Но он приоткрыл веки: ее лицо и волосы отовсюду нависали над ним, и в глубине ее зрачков мерцали крохотные точечки света, явственно различимые в темноте. Устав опираться на локоть, она положила голову ему на плечо и так затихла, далеко, до полного бессилия вытянув руку вдоль его голой груди.
Ночь в комнате стояла как-то странно, будто завалившись набок. Причиной тому, вероятно, было зеркало у стены, вкосую, как прожектор, отражавшее свет уличного фонаря. По потолку скользили дымные тени — видимо, сквозняк шевелил кисейные гостиничные занавески. Под окнами прогромыхал трамвай, и в ответ ему мелко задребезжали стекла в оконной раме. Было шесть, начиналось утро.
— Ты не спала? Совсем?
— Совсем.
— О чем ты думала так долго?
— Ты хорошо спишь. Дышишь ровно и даже улыбаешься во сне.
— А еще о чем думала?
— Обо всем… О том, что теперь я могу жить дальше. У меня есть ты… Здесь ли, там ли — не важно. И даже, наверное, лучше, что там. Я бы извела тебя: цеплялась бы, хватала за руки, плакала…
— Кто знает… Может быть, все было бы как раз наоборот…
— Сказать, какая чепуха у меня сейчас в голове?
— Скажи…
— Нельзя ли, если очень-очень захотеть, целиком распластаться, раствориться в тебе — и так остаться? Исчезнуть и жить в тебе?..
Весь их роман продолжался три дня. На работу они не ходили. Потом, в Москве, он даже не мог толком вспомнить, выходили ли они вообще в те дни из комнаты или все так и было на самом деле, не прерываясь и не меняясь ни на минуту: задернутые шторы, скомканная постель, ее большие темные глаза и небывалое, вернее, бывавшее только в снах, да и то в детстве, ощущение чистоты и доверия ко всему. О том, что будет дальше, они не говорили — зачем? Да, люблю, да, знаю, что это единственный раз, последний раз, и больше мы вместе уже не будем, но об этом не нужно сейчас думать, на это еще будет много, очень много времени впереди…

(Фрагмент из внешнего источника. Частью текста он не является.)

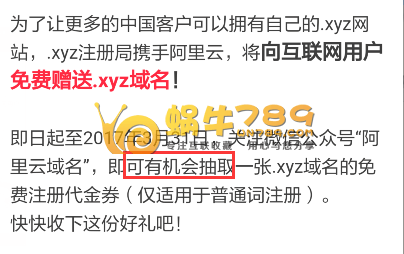 以下内容是2016年12月24日介绍的,本次活动参与流程和上次完全一致,连活动地址也一致。所以就不再另外发布新文章。 阿里云.xyz免费顶级域名领取方式非常简单,使用微信关注公众号即可领取代金券,人人都可领取,无任何门槛。其实阿里云.xyz注册一直有促销活动,目前首年只需一元,但是.xyz域名续费有点贵,需要69元/年。另外目前.xyz域名已经获得了工信部稳定执照,在国内已经可以申请稳定了。关于免费领.xyz活动的截止时间,蜗牛不是很清楚,如果你需要领的话,尽快去领,以免活动结束。本站其他免费域名教程: 【阿里云免费.xin域名】新用户完成实名认证领取.xin域名一年使用权 【景安网络Gainet】2016年新注册用户赠送免费top顶级域名
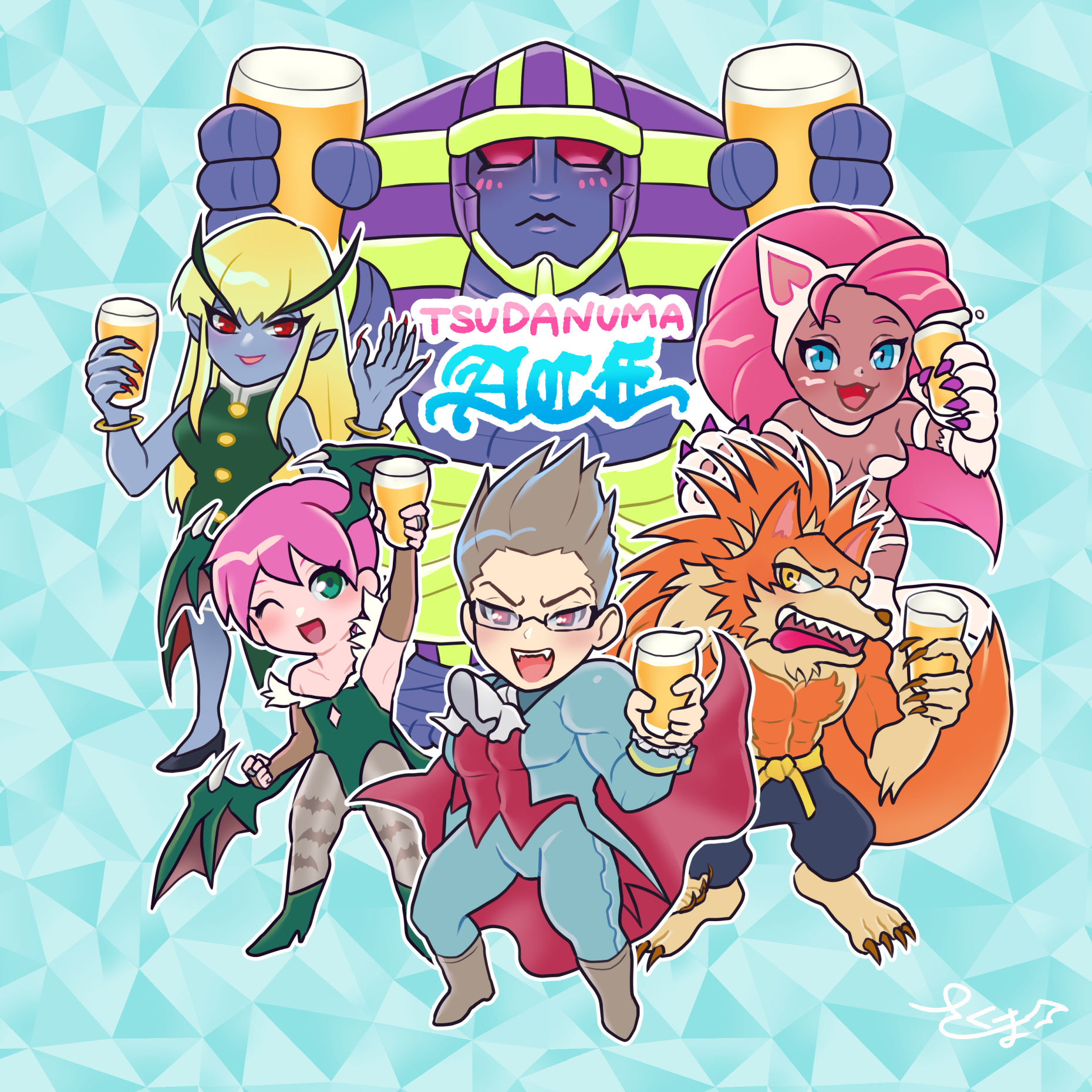 おジェダvsデミデミ杯 inスペースシャトル塩釜口店 告知イラスト(蛙水さんとの合作)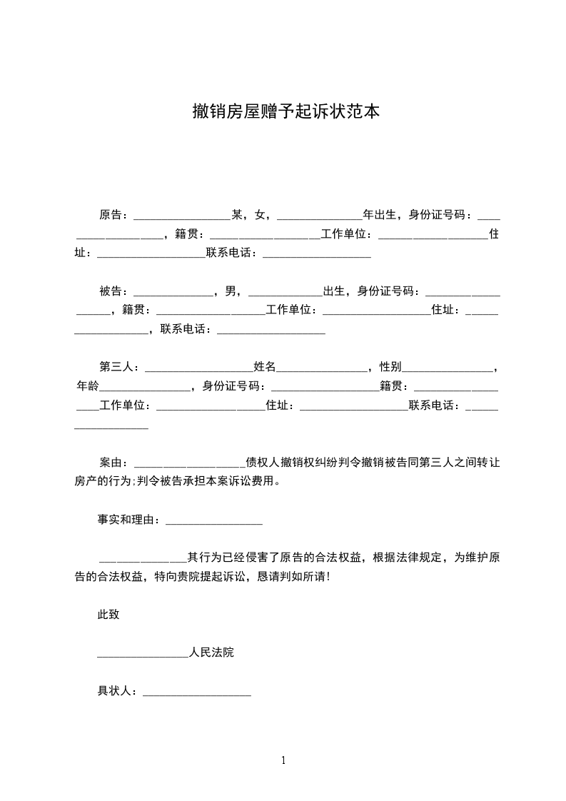 1、请求人民法院依法撤销原、被告的房屋赠与协议;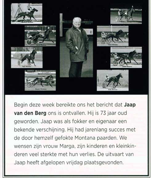 Jaap van den Berg uit Zandvoort was een groot liefhebber van de drafsport en de fokkerij. Hij fokte sinds het begin van de jaren 90 tientallen harddravers met de achternaam Montana en hield ze meestal zelf om ermee te koersen. Zijn trainers waren eerst Jan Wagenaar en later Tom Kooyman. Jaap's beste paard was de in 1993 geboren Duits gefokte Kilimanjaro Montana met een winsom van 154.372 Euro, die in training stond bij Jan Wagenaar.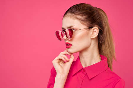 Woman in pink shirt and brown glasses cropped view fashion model emotions gesturing hands portrait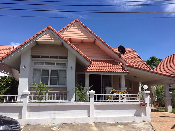 บ้านชั้นเดียวเป็นบ้านในโครงการมู่บ้านเงียบสงบ และมีการดูแลความปลอดภัยตลอด 24 ชม AHD-H0062 /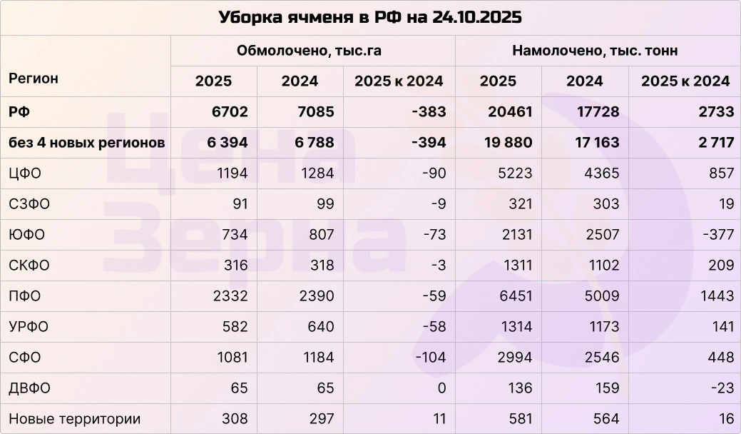 Ячмень практически убран с полей. Средняя урожайность превышает 30,5 ц/га, а общий намолоченный объем уже превысил 20 миллионов тонн. Урожай оценивается как хороший: даже на юге показатели урожайности лишь немного уступают прошлогодним. В этом году рынок ячменя демонстрирует стабильность и уверенные позиции.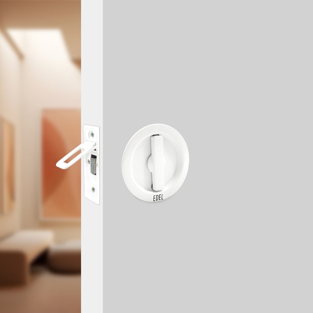 EDEL 원형 슬라이딩 도어락 화이트 미닫이문 포켓도어 락기능 고구찌 매입 손잡이 DL10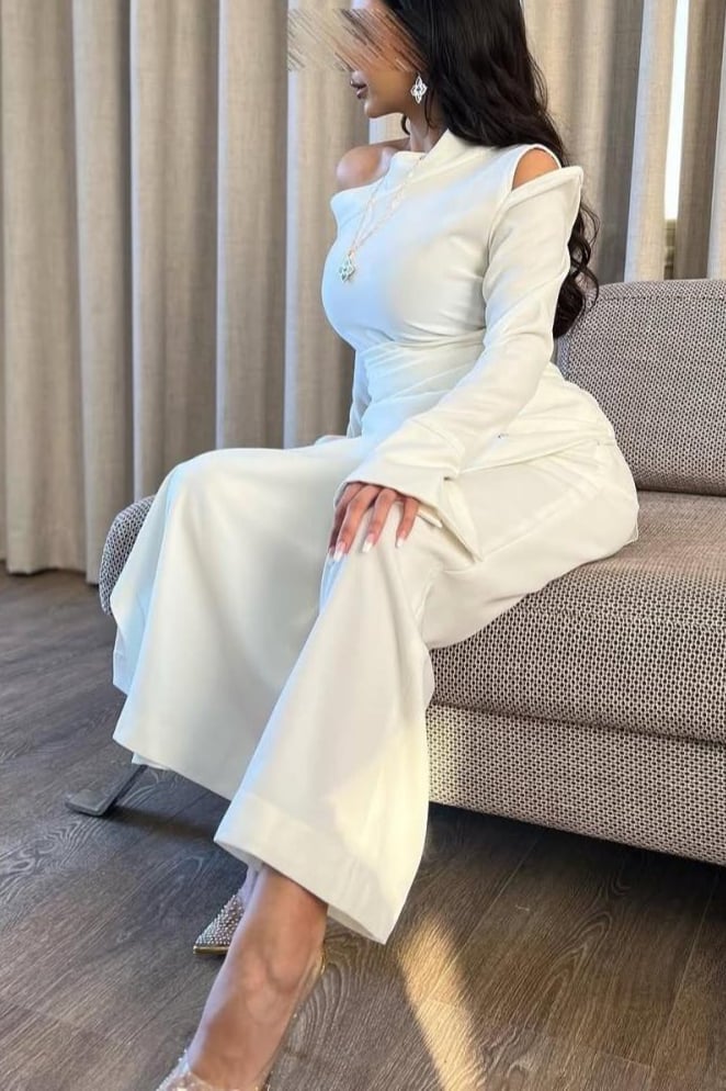 جمبسوت سهرة أبيض طويل بكتف مكشوف وأكمام طويلة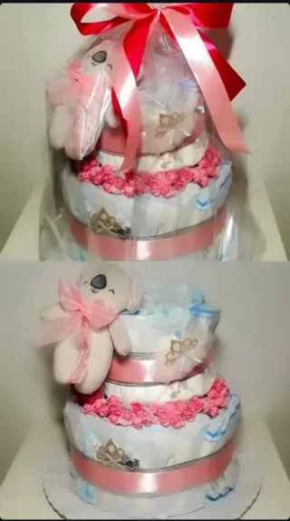 Preciosa tarta de pañales para bebé, ideal para regalar en un nacimiento o baby shower. Está compuesta por pañales, artículos de higiene y adorables juguetes. - Dos niveles de pañales. - Incluye juguetes de peluche. - Accesorios para el aseo del bebé. - Toallitas húmedas. - Presentación impecable. Precios a convenir en función de cantidad de pañales y complementos

Стояло морозное трескучее утро, когда они провожали его. В залах аэропорта было шумно и неспокойно. Они вышли наружу, к барьеру. Маша не плакала, не говорила никаких печальных слов — она лишь теснее прижималась к Наталье Алексеевне, державшей ее под руку.
Прощались недолго. Наталья Алексеевна обняла Русанова, приложилась смерзшимися губами к его жесткой щеке, потом, помедлив, быстро-быстро перекрестила его мелким крестом. Маша спокойно поцеловала его, и так же спокойно выдержала ответный поцелуй, и не отдернула руку, когда он не слишком ловко ткнулся носом к ней в варежку, пытаясь добраться до теплой ее ладони. Заметив, что грудь его раскрылась, она участливо поправила на нем шарф, чтобы ему не было холодно идти по летному полю. Но в самую последнюю минуту силы все же изменили ей. Она обеими руками вцепилась в борта его пальто и замотала головой, будто прогоняя боль, ставшую вдруг невыносимой:
— Это ошибка. Я знаю, что это ошибка… Тебе тоже нельзя без меня…
Когда, поднимаясь по трапу, он обернулся, они еще стояли там, у барьера. Старушка помахала ему. Отсюда они выглядели как-то совсем уж беззащитно: две маленькие фигурки на фоне серой бетонной громадины, величественно и твердо возвышавшейся у них за спиной…
Самолет утомительно гудел, нагоняя сон, но заснуть не получалось. В голове, монотонно повторяясь, чей-то голос медленно, как на уроке, выговаривал одну и ту же фразу: «Das ist eine alte Geschichte… Эта старая история…» Нет… Он понимал, что на этот раз ему не отделаться ухмылкой над собой и нет надежды на то, что все как-нибудь рассосется, потускнеет и забудется в потоке житейских обстоятельств. В его жизни наконец случилось то, что бывает лишь однажды, и все это осталось теперь там, позади, куда ему, вероятно, больше уже дороги нет.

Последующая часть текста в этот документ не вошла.